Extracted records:
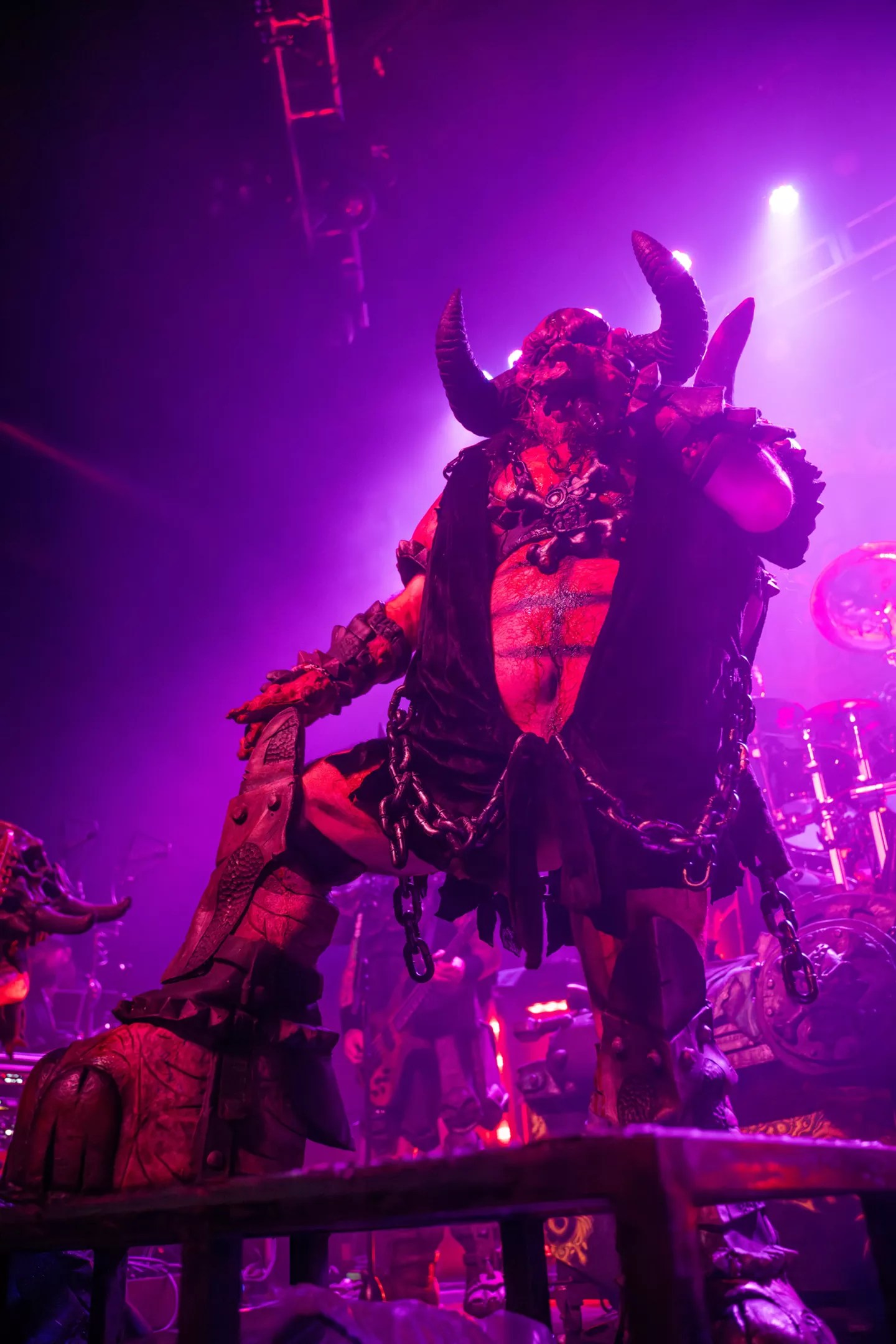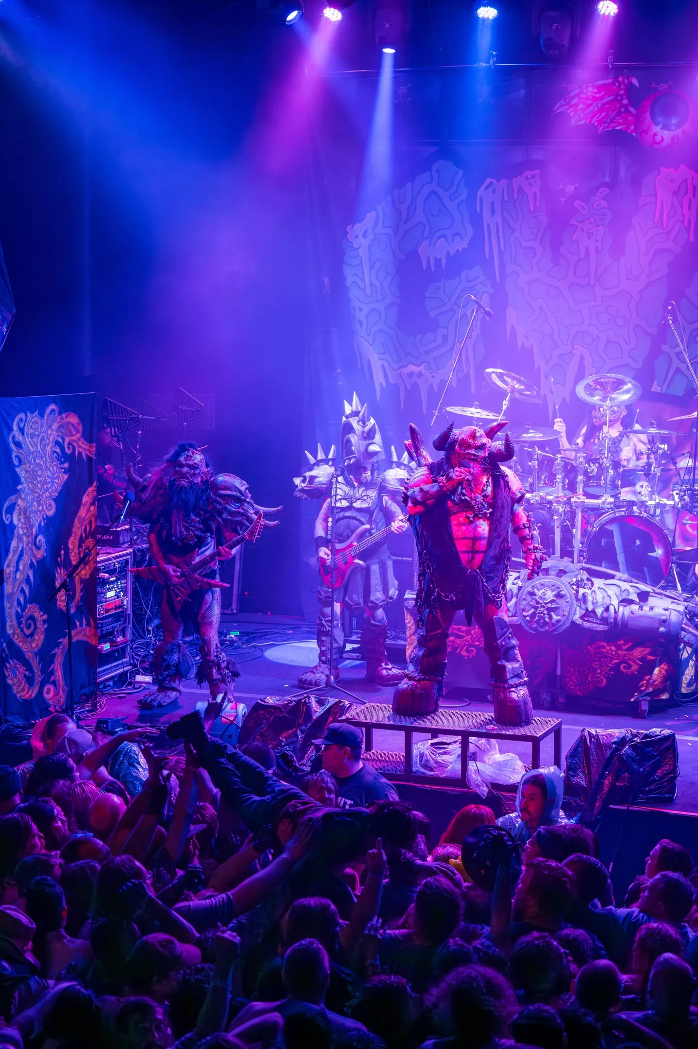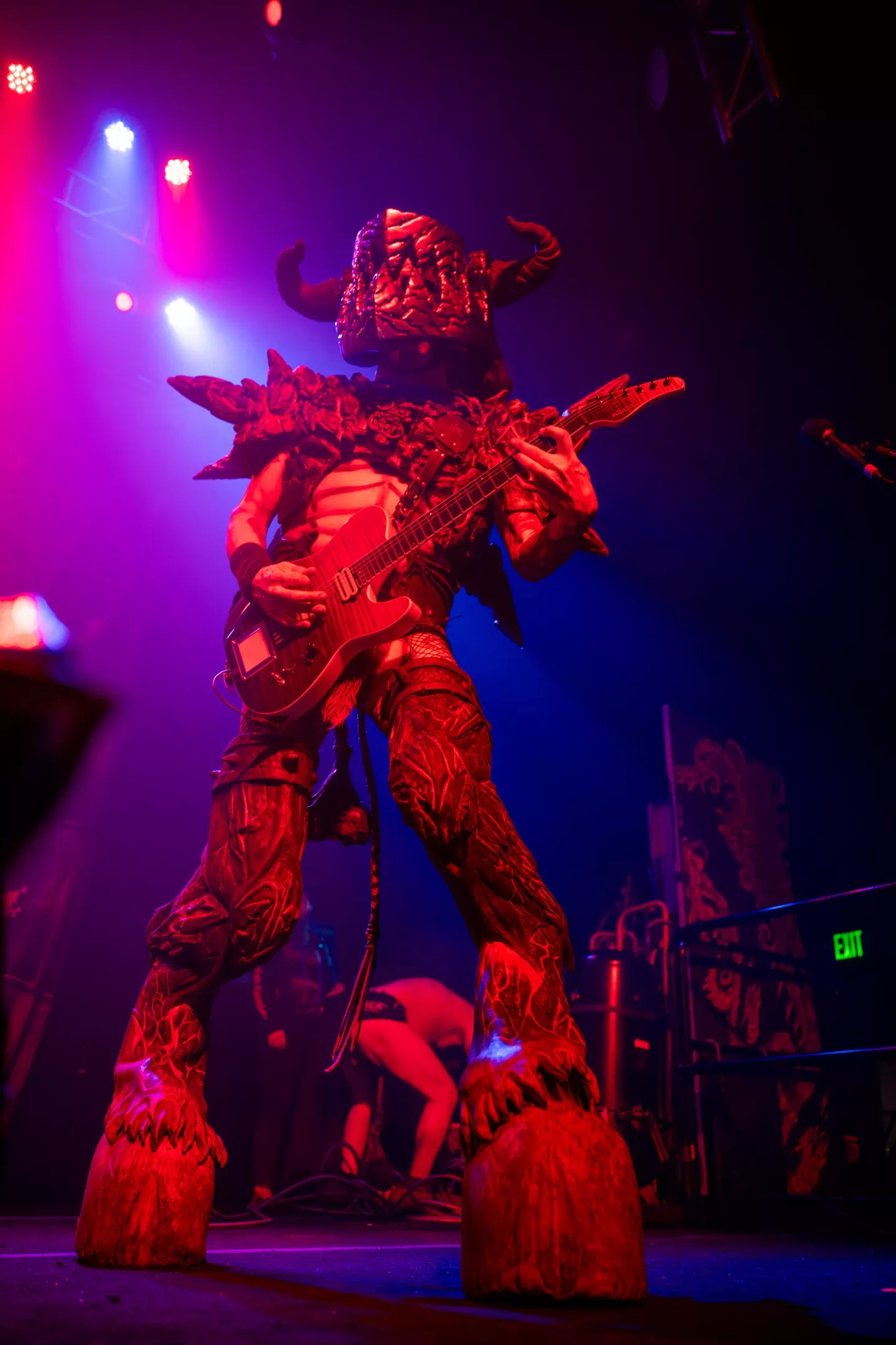 The night began with sets from Squid Pisser, whose vocalist/guitarist Tommy Meehan is the latest GWAR recruit as Grodius Maximus, and Dark Funeral, whose frontman led cringe repetitions of “Hail Satan,” which came across as edgy as a wooden spoon. (I couldn’t help but think of the boys attempting to be edgelords at my Catholic middle school.) As we waited for GWAR to begin, the audience was treated to a Rick Roll with the speakers playing “Never Gonna Give You Up,” followed by the King of the Hill soundtrack, Miley Cyrus’s “Party in the USA” and LMFAO’s “Party Rock Anthem.”
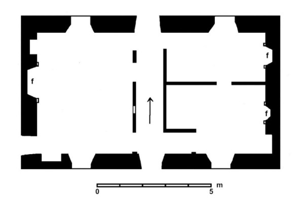 Inside, the dwelling conformed to the usual arrangement for this area. The main door opened onto the foot of the stair with doors to either side. That on the left entered a large room with a big fireplace on the centre of the gable wall. That on the right gave access to two rooms, each with a fireplace – a living room and a retiring room. The large room had two closets and presumably originally functioned as the kitchen/hall. At a later date a doorway was cut through the south-west corner to provide a passage to the dairy.
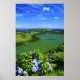 Furnas Lake com hidrangeas no primeiro plano. Este lago situa-se na ilha de São Miguel, Açores, Portugal.
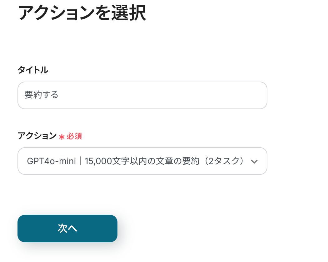 アクションは「15,000文字以内の文章の要約」が選択されています。
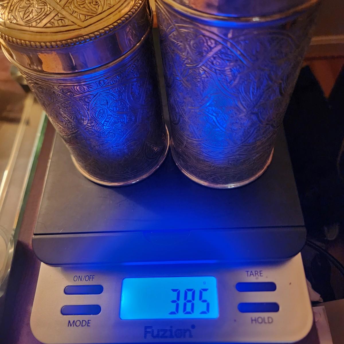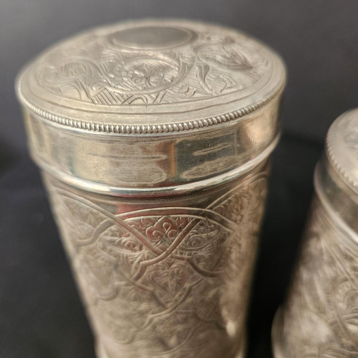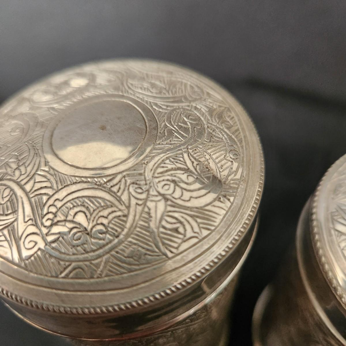 2 Vintage Egyptian silver box Canisters Hallmarked on Bottoms and Lids
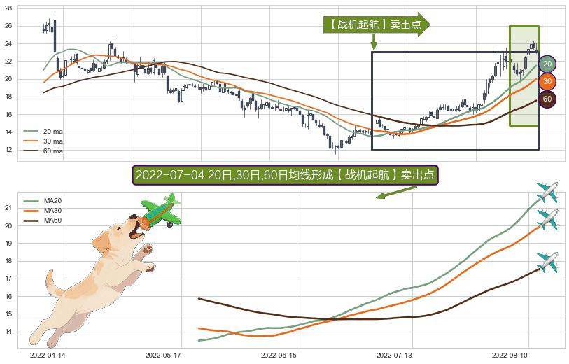 ⚀ 2022-05-20日-2022-08-12日显现 20日-30日-60日均线 【战机起航】卖出点 看空信号,后市看跌,卖出
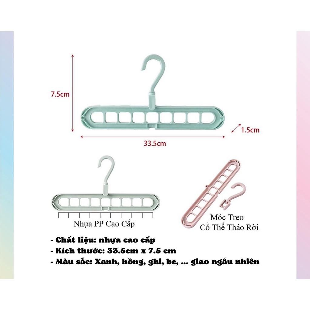 - Thông tin Sản Phẩm:Móc treo quần áo 9 lỗ đa năng thông minh, thanh treo đồ 9 lỗ tiết kiệm diện tích, đồ gia dụng tiện ích
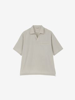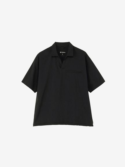 ストレッチ性のあるスムースな布帛生地で仕立てたショートスリーブのプルオーバーシャツ。
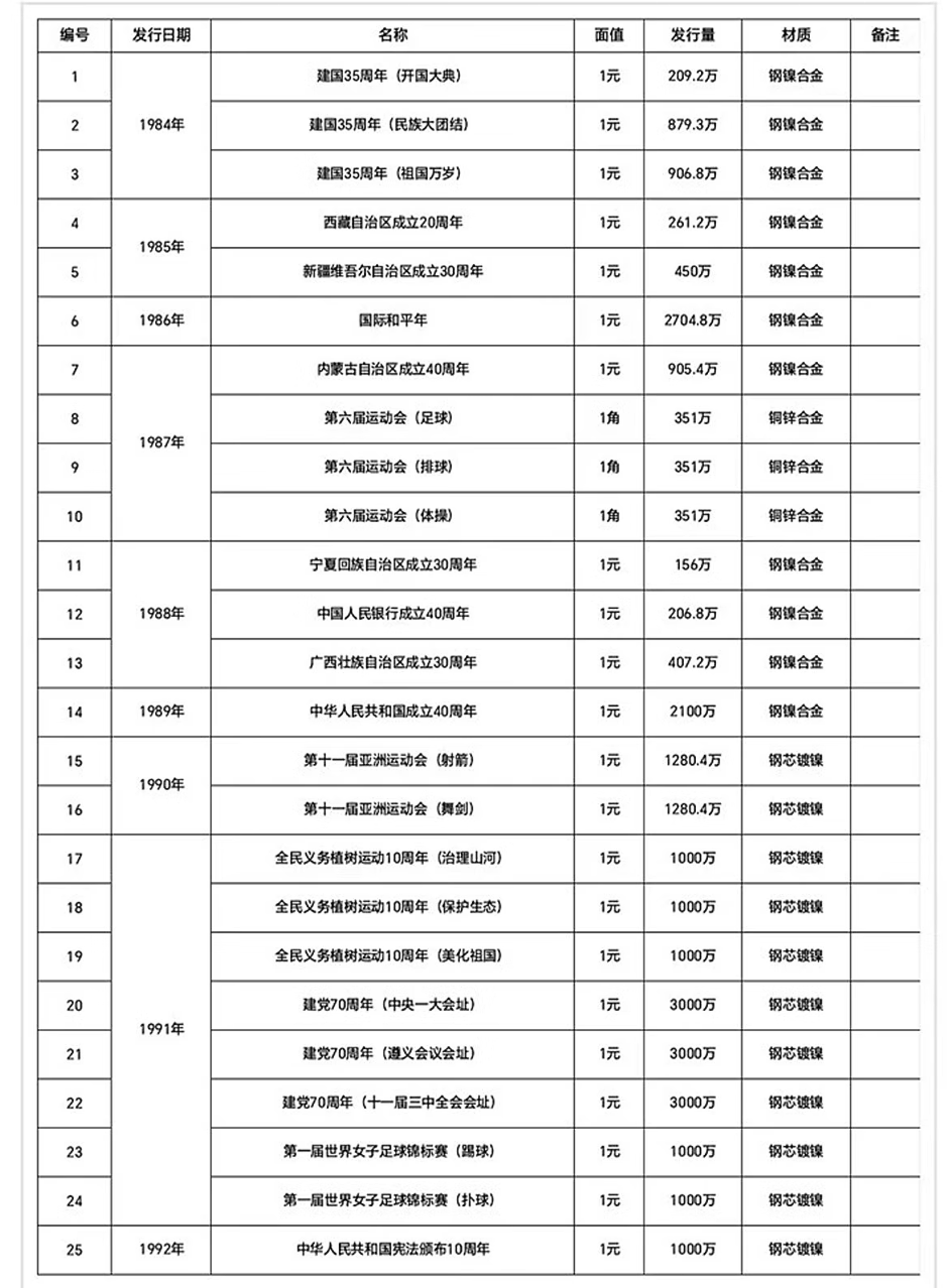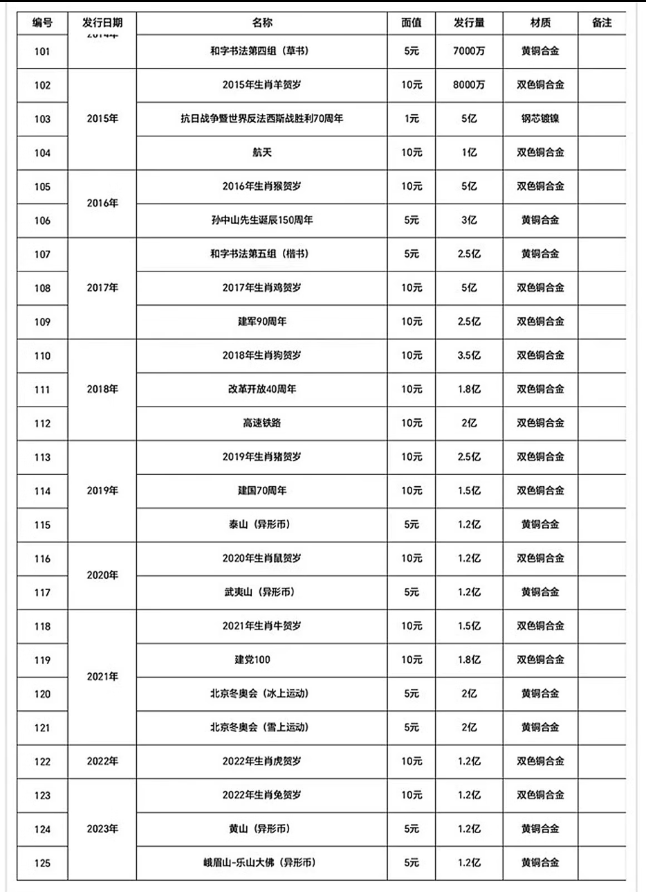 1984-2023年流通纪念币大全
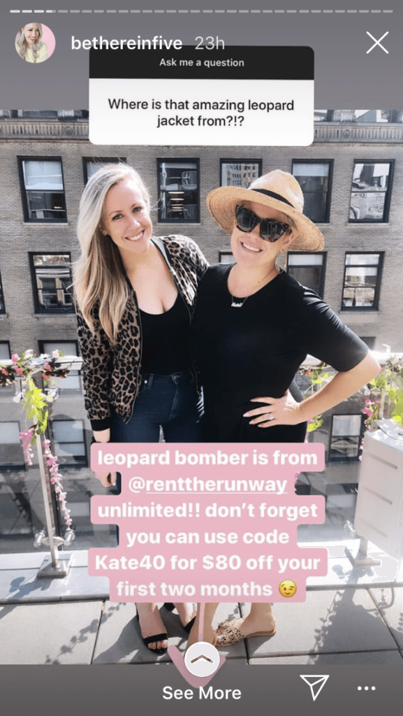Foi assim que a blogueira @bethereinfive conseguiu trabalhar em um desconto de afiliado super fácil, recurso de produto e link em uma interação totalmente natural!
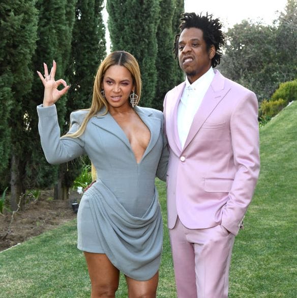 - The superstar sported a green jacket and pants while attending the game with her husband, Jay-Z, and daughter, Blue Ivy Carter.
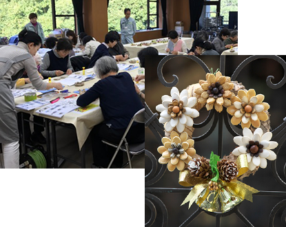 2018年12月8日(土)に京都府立植物園で「しめ飾りリース作り体験教室」を開催し、男女40名超の方々にご参加いただきました。華やかさを演出する着色したものや素材の色を生かした、カボチャやゴーヤ、キャベツなどのタネでかたどった花をあしらい、水引、松、タッセルなどを飾り付けたクリスマスからお正月まで楽しめる「しめ飾りリース」を制作。皆さま満足そうな笑顔で完成品を手に、また来年も参加したいとの声をたくさんいただきました。
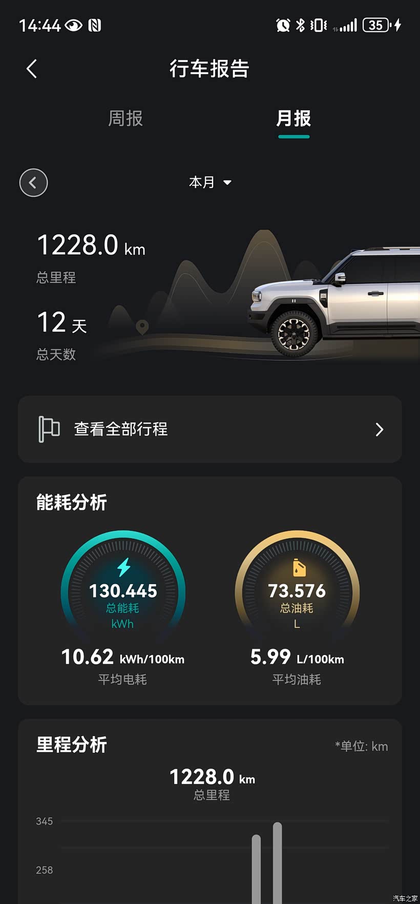 ✅日常通勤走8公里弹广路的烂路,换了AT胎+标准悬架后,滤震效果超出预期,以前开轿车过坑总担心爆胎,现在像坐船一样平稳,高速开到143码也比轿车安静,网传AT胎风噪大的问题根本没遇到。续航方面,加80L油跑了一趟600公里的武隆高速,回来还剩271km,城区纯电开电耗平均24.61度/100km,比官方标的更省,厂家送装的7kW充电桩,设凌晨低谷电充电,每月能省不少电费。
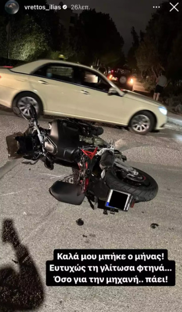 «Καλά μου μπήκε ο μήνας! Ευτυχώς τη γλίτωσα φτηνά. Όσο για τη μηχανή πάει», έγραψε ο Ηλίας Βρεττός.
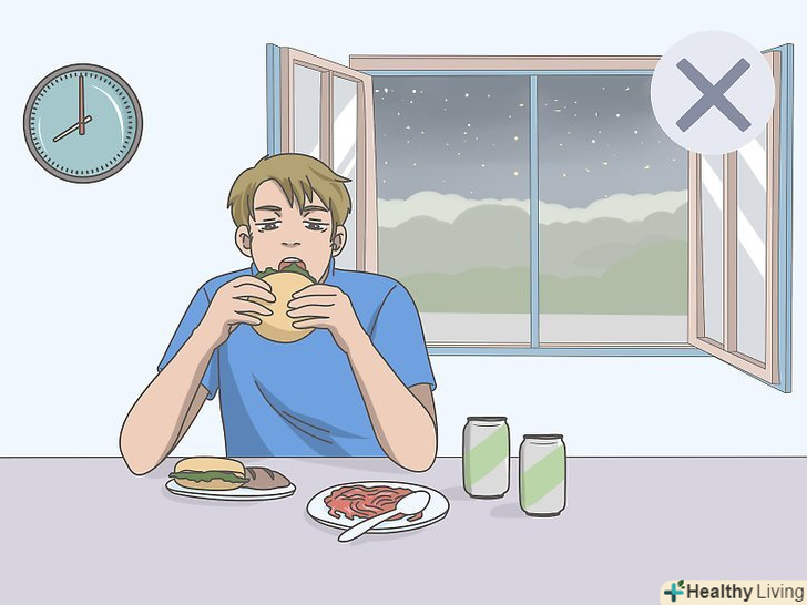 Перестаньте їсти перед сном.якщо ви звикли їсти перед сном, то намагайтеся їсти поменше або змініть час вечері. Постарайтеся не їсти за чотири години до сну.[2]- Якщо ви не можете повністю відмовитися від їжі перед сном, то хоча б скоротіть порцію. Так, важкі страви частіше викликають проблеми, ніж легкі закуски. Змініть графік харчування, щоб звикнути до зміни, а потім визначте, наскільки це допомогло вирішити проблему.
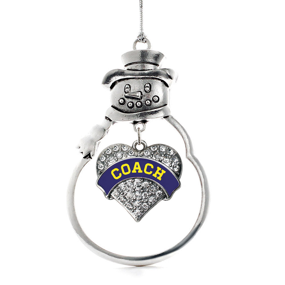Our sparkling snowman ornament, equipped with a stylish silver rope and the Coach - Navy Blue and Yellow pave heart charm, is crafted from white metal with a silver plated finish and accented with cubic zirconia stones.
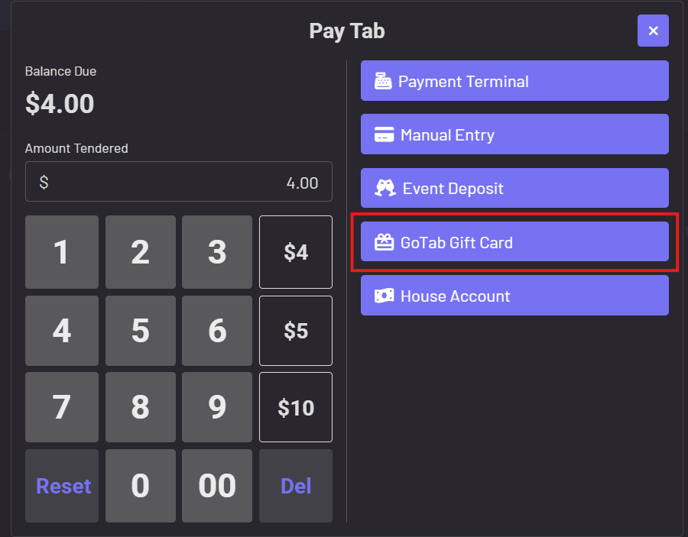 Section titled “Physical Gift Cards”To pay for a tab with a physical gift card, choose GoTab Gift Card as the payment method.

§ TASK REQUIREMENTS: Beginning at the line that contains "Перестаньте їсти перед", retype each line of the data above through the very last one. Do not retype the pictures.

§ EXPECTED ANSWER:
 Перестаньте їсти перед сном.якщо ви звикли їсти перед сном, то намагайтеся їсти поменше або змініть час вечері. Постарайтеся не їсти за чотири години до сну.[2]- Якщо ви не можете повністю відмовитися від їжі перед сном, то хоча б скоротіть порцію. Так, важкі страви частіше викликають проблеми, ніж легкі закуски. Змініть графік харчування, щоб звикнути до зміни, а потім визначте, наскільки це допомогло вирішити проблему.
Our sparkling snowman ornament, equipped with a stylish silver rope and the Coach - Navy Blue and Yellow pave heart charm, is crafted from white metal with a silver plated finish and accented with cubic zirconia stones.
 Section titled “Physical Gift Cards”To pay for a tab with a physical gift card, choose GoTab Gift Card as the payment method.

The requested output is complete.